- Ph.D., Johns Hopkins University School of Medicine, 1981
- B.S., University of Tulsa, 1976
Our laboratory focuses on (1) the molecular features of a novel, glycan-dependent, signal transduction cascade and (2) the mechanism of nuclear transport. The nuclear transport of transcription factors, nuclear kinases, steroid hormone receptors, and replication factors often serves a critical regulatory function. We are examining the mechanisms of nuclear import, export, and subnuclear targeting. We identified a novel nuclear transport pathway involving calmodulin. This pathway has been shown to play a role in mammalian sex determination and stem cell differentiation. We are identifying additional components of this pathway using yeast genetics and chemical biology approaches.

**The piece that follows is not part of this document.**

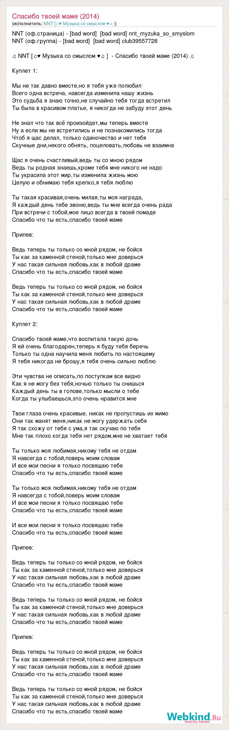 NNT (оф.страница) - [bad word] [bad word] nnt_myzuka_so_smyslom NNT (оф.группа) - [bad word] [bad word] club39557728 ♫ NNT [♫♥ Музыка со смыслом ♥♫ ] - Спасибо твоей маме (2014) ♫ Куплет 1: Мы не так давно вместе,но я тебя уже полюбил Всего одна встреча, навсегда изменила нашу жизнь Это судьба я знаю точно,не случайно тебя тогда встретил Ты была в красивом платье, я никогда не забуду этот день Не знал что так всё произойдет,мы теперь вместе Ну а если мы не встретились и не познакомились тогда Чтоб я щас делал, только одиночество и нет тебя Скучные дни,некого обнять, поцеловать,любовь не взаимна Щас я очень счастливый,ведь ты со мною рядом Ведь ты родная знаешь,кроме тебя мне никого не надо Ты украсила этот мир,ты изменила жизнь мою Целую и обнимаю тебя крепко,я тебя люблю Ты такая красивая,очень милая,ты моя награда, Я каждый день тебе звоню,ведь ты мне всегда очень рада При встречи с тобой,мое лицо всегда в твоей помаде Спасибо что ты есть,спасибо твоей маме Припев: Ведь теперь ты только со мной рядом, не бойся Ты как за каменной стеной,только мне доверься У нас такая сильная любовь,как в любой драме Спасибо что ты есть,спасибо твоей маме Ведь теперь ты только со мной рядом, не бойся Ты как за каменной стеной,только мне доверься У нас такая сильная любовь,как в любой драме Спасибо что ты есть,спасибо твоей маме Куплет 2: Спасибо твоей маме,что воспитала такую дочь Я ей очень благодарен,теперь я буду тебя беречь Только ты одна научила меня любить по настоящему Я тебя никогда не брошу,я тебя очень сильно люблю Эти чувства не описать,по поступкам все видно Как я не могу без тебя,ночью только ты снишься Каждый день ты в голове,только мысли о тебе Когда ты улыбаешься,это очень нравится мне Твои глаза очень красивые, никак не пропустишь их мимо Они так манят меня,никак не могу удержать себя Я так схожу от тебя с ума,я так скучаю по тебе Мне так плохо когда тебя нет рядом,мне не хватает тебя Ты только моя любимая,никому тебя не отдам Я навсегда с тобой,поверь моим словам И все мои песни я только посвящаю тебе Спасибо что ты есть,спасибо твоей маме Ты только моя любимая,никому тебя не отдам Я навсегда с тобой,поверь моим словам И все мои песни я только посвящаю тебе Спасибо что ты есть,спасибо твоей маме И все мои песни я только посвящаю тебе Спасибо что ты есть,спасибо твоей маме Припев: Ведь теперь ты только со мной рядом, не бойся Ты как за каменной стеной,только мне доверься У нас такая сильная любовь,как в любой драме Спасибо что ты есть,спасибо твоей маме Ведь теперь ты только со мной рядом, не бойся Ты как за каменной стеной,только мне доверься У нас такая сильная любовь,как в любой драме Спасибо что ты есть,спасибо твоей маме Припев: Ведь теперь ты только со мной рядом, не бойся Ты как за каменной стеной,только мне доверься У нас такая сильная любовь,как в любой драме Спасибо что ты есть,спасибо твоей маме Ведь теперь ты только со мной рядом, не бойся Ты как за каменной стеной,только мне доверься У нас такая сильная любовь,как в любой драме Спасибо что ты есть,спасибо твоей маме

The nuclear pore complex (NPC) mediates the transport of mRNA and proteins across the nuclear envelope. Many components of the nuclear pore are modified by a novel modification: O-linked N-acetylglucosamine (O-linked GlcNAc). The modification also occurs on transcription factors and certain oncogenes and tumor suppressors. Current evidence suggests that the O-linked GlcNAc transferase (OGT) mediates a novel glycan-dependent signal transduction pathway. We have molecularly cloned and characterized the human OGT responsible for glycosylating nuclear pore proteins. This enzyme is expressed as differentially targeted isoforms in man and is localized to both the nucleus and the mitochondria. When expressed in E. coli, the human OGT is catalytically active. We recently solved the X-ray structure of the substrate recognition domain of OGT and we are beginning to understand how it recognizes its many intracellular targets. Although the enzyme is found in a number of target tissues, it is most highly expressed in human pancreatic beta cells, consistent with a role in glucose-sensing. Based on its substrate specificity and molecular features, we have proposed that OGT is the terminal step in a glucose-responsive pathway that becomes dysregulated in diabetes mellitus (NIDDM).
Applying our Research
Our studies may provide insight into how nutrition may impact the health of both mother and offspring.
Need for Further Study
The enzyme catalyzing O-GlcNAc removal, O-GlcNAcase, has also been identified, expressed, and shown to exist as differentially targeted isoforms in man. We are also using the genetically amenable C. elegans model to examine the physiological impact of the enzymes of O-GlcNAc cycling. Using reverse genetics, knockout, and other transgenic models, we are currently exploring the role of these essential genes in signal transduction and pathogenesis of diabetes mellitus. Our studies further suggest that O-GlcNAc cycling plays a key role in the regulation of chromatin structure and may be a key player in epigenetic reprogramming in response to nutrition and other environmental influences.
- Nutrient-Driven O-GlcNAcylation Controls DNA Damage Repair Signaling and Stem/Progenitor Cell Homeostasis.
- Na HJ, Akan I, Abramowitz LK, Hanover JA.
- Cell Rep (2020 May 12) 31:107632. Abstract/Full Text
- Blocked O-GlcNAc cycling disrupts mouse hematopoeitic stem cell maintenance and early T cell development.
- Abramowitz LK, Harly C, Das A, Bhandoola A, Hanover JA.
- Sci Rep (2019 Aug 29) 9:12569. Abstract/Full Text
Research in Plain Language
The storage and control center of a cell’s genetic information is its nucleus, where instructions for building and maintaining an organism are organized, sent, and received. Between 2,000 to 4,000 small channels or pores in the nuclear membrane provide the main gateway between the outside (the cytoplasm) and inside of the nucleus, allowing passage of proteins and messenger RNA (mRNA). Relative to other protein structures in the cell, the nuclear pore complex (NPC) is immense, making study of its function and activity challenging.
Using chemical biology, genetics in yeast and C. elegans roundworms, and other models, the Hanover lab studies enzymes and molecular pathways that control how important proteins find their way to the nucleus, how they interact with the NPC, and how material is imported and exported. We identified a new nuclear transport pathway that plays a role in determining the sex of mammals and in how stem cells become more specialized.
The lab also researches a specific enzyme called O-linked GlcNAc transferase (OGT) that modifies the NPC. Although this enzyme is found in a number of tissues in the body, it is most highly expressed in human pancreas cells that produce insulin. We think that activity of this OGT protein is the final step in a pathway that becomes impaired in diabetes mellitus (NIDDM).